They look great, really healthy and happy :2thumb:.

Are they real leaves (looks a bit like pine??). Do they eat them, I've read somewhere they destroy real plants. They look happy though and very cute


----------



## mat_worrell

Hey

Yeah it's reall. I hacked up the Christmas tree and thought I would let them explore it and entertain them. They love it.


----------



## MP reptiles

How much was that?!!!!!!!!!!! ££££££££££££££££££?


----------



## mat_worrell

MP reptiles said:


> How much was that?!!!!!!!!!!! ££££££££££££££££££?


How much was what?


----------



## MP reptiles

the marmoset


----------



## PETERAROBERTSON

mat_worrell said:


> Hey
> 
> Yeah it's reall. I hacked up the Christmas tree and thought I would let them explore it and entertain them. They love it.


Nice pics again Matt..

See EB aint changed...

Playing with summit new and leaving the scent...

By the way,,,your answer is priceless...

Due to the enjoyment that goes both ways...

Keep up the good work mate....

Ive made a new enrichment apliance for the new enclosure...
Similiar to the plastic bottle but with 4 inch pipe..

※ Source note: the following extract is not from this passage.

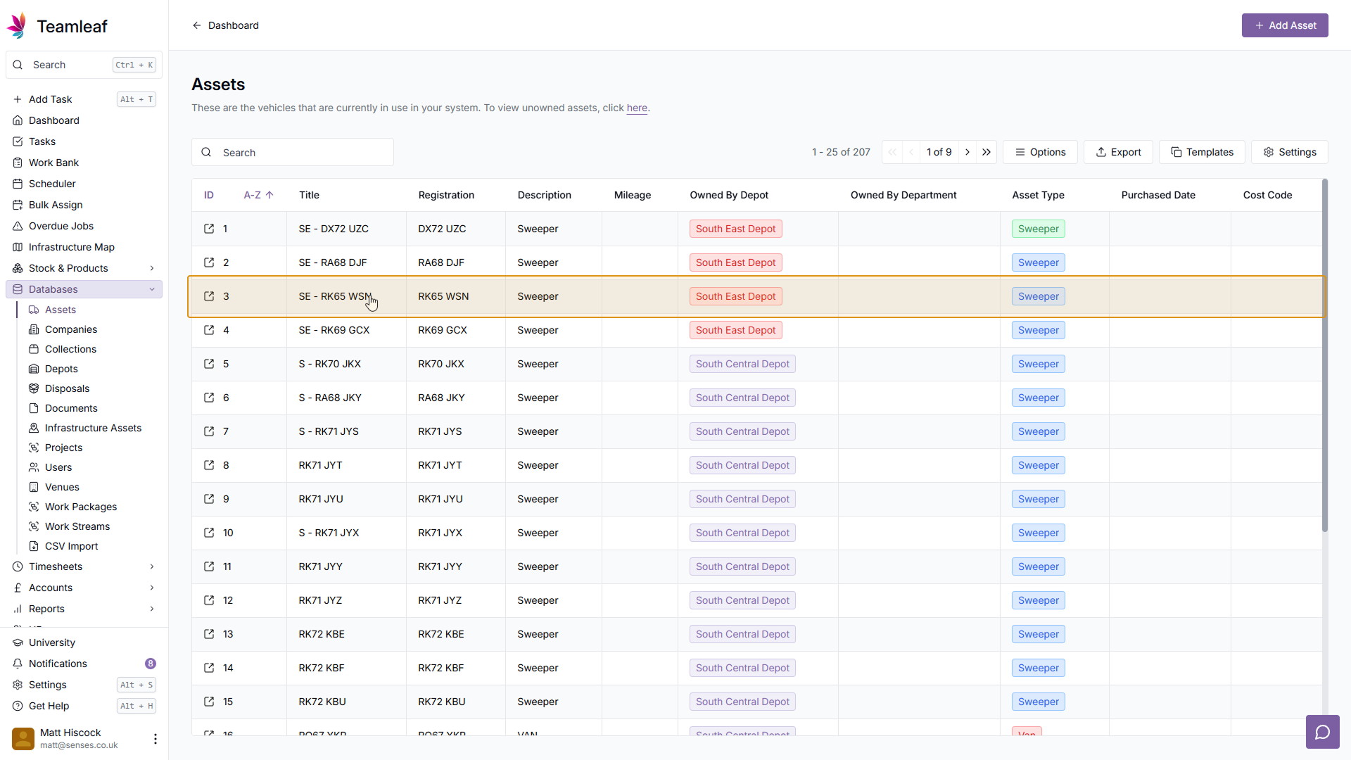 In the Assets list, click the Asset that you'd like to add a maintenance to

When its up and running ill send you pics..

If it works out the way i think it will ill be macking for weeks as Bernadette will want one for each enclosure..

THE JOYS..:lol2:


----------



## mat_worrell

Yeah would love to see pics. And pics of new enrichment pipe thing. Will give it a go but can't picture it.


----------



## mat_worrell

I have just spent the last half an hour drilling all sorts of size holes in the left over stump of the Christmas tree for fizz and EB to enjoy tomorrow. I'm going to fill it with gum and meal worms and let them attack it in the morning when I get home.


----------



## tlc

Awe, make sure to get picture's of the exploration of that ok? I still love just scrolling back to get a look at you wee! Im so jelious as I would love a little tyke like that myself!


----------



## mat_worrell

I have filled the trunk with all sorts of goodies like gum, jelly, nuts, dry food, veg etc... And placed in with the both of them. Fizz was first to jump straight on it and start checking it shortly followed by EB who still seemed half asleep but didn't want to miss out especially as fizz had just dragged out of one of the holes half a marsh mallow!! 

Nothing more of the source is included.